On the other hand, VT’s mission statement focuses on creating and disseminating knowledge. While the mission statement certainly covers every facet expected of a large public land-grant university (teaching, research, outreach, etc.), it does not have the particular focus on students seen in HMC’s mission statement. This is acceptable, because VT was not designed to be a teaching-focused undergraduate-only institution like HMC. Although VT’s mission statement is more detailed, it seems too generic. It didn’t really tell me any specifics, such as the type of teaching focus (new pedagogy, technology-enabled, etc.), I was looking for. I was drawn more towards HMC’s statement because of its brevity and clarity. I could immediately tell what kinds of graduates HMC produces, just from reading the 1-sentence mission statement.

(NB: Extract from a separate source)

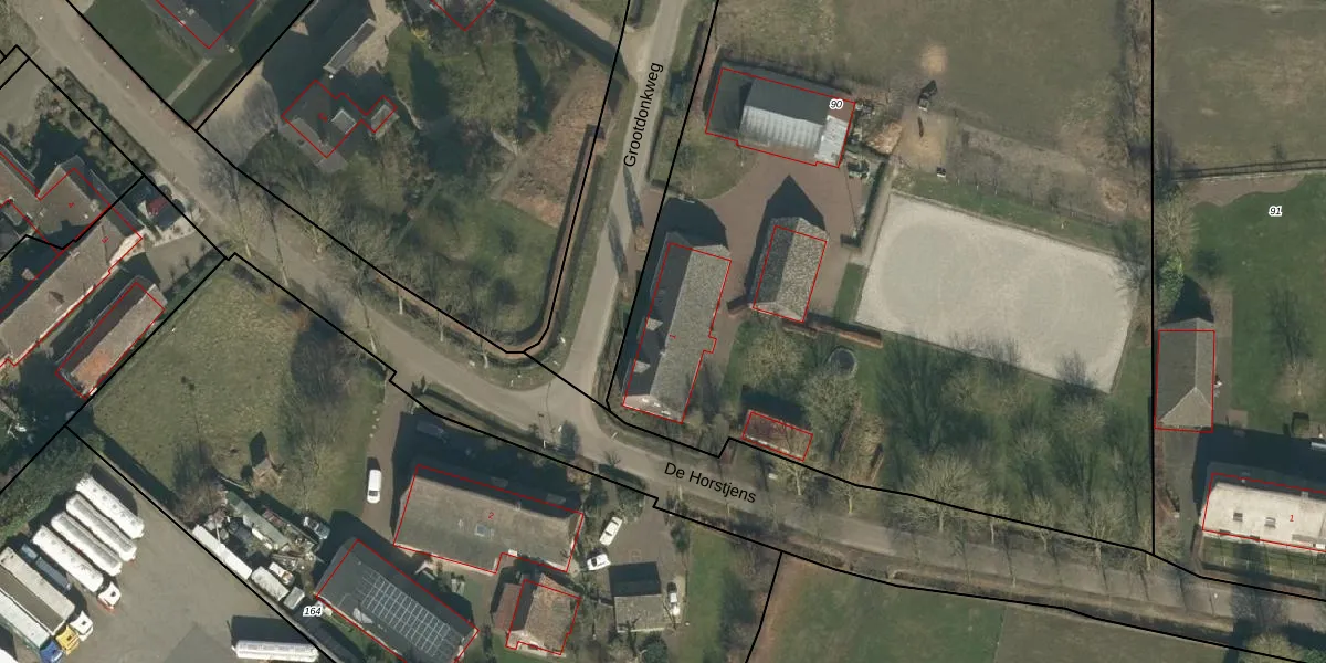 Het perceel waarop Grootdonkweg 1 staat heeft een oppervlakte van 8075 m². Dit is een zeer groot perceel. De perceeloppervlakte wordt geregistreerd door het Kadaster. Gedetailleerde informatie over de maten van dit perceel kunt u vinden in het rapport Kadastrale kaart met maatvoering van Grootdonkweg 1.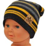 BABY NELLYS: Jarná/jesenná čiapka (grafit/sivá/žltá)

One of the suggested articles, What do universities want to be? A content analysis of mission and vision statements worldwide, found that virtually no mission statements included some sort of quantitative figure–which holds true for the two missions statements I selected. I suspect this is because including some number as a metric acts as a ceiling for the university. For example, if VT says that they want to “bring in $1 million in research grants this year,” $1 million acts as a “cap.” Why should VT be limited to just $1 million? What if they don’t achieve that metric in a given year? Should the Board of Visitors have to approve a new mission statement on a regular basis to accommodate economic trends, such as inflation ($1m now does not hold the same value as $1m ten years ago)? Although it would be nice to get a feel for the kinds of numbers VT (and other higher-ed institutions) hope to produce, I believe they don’t include such statements because it may inhibit the underlying purpose of the university.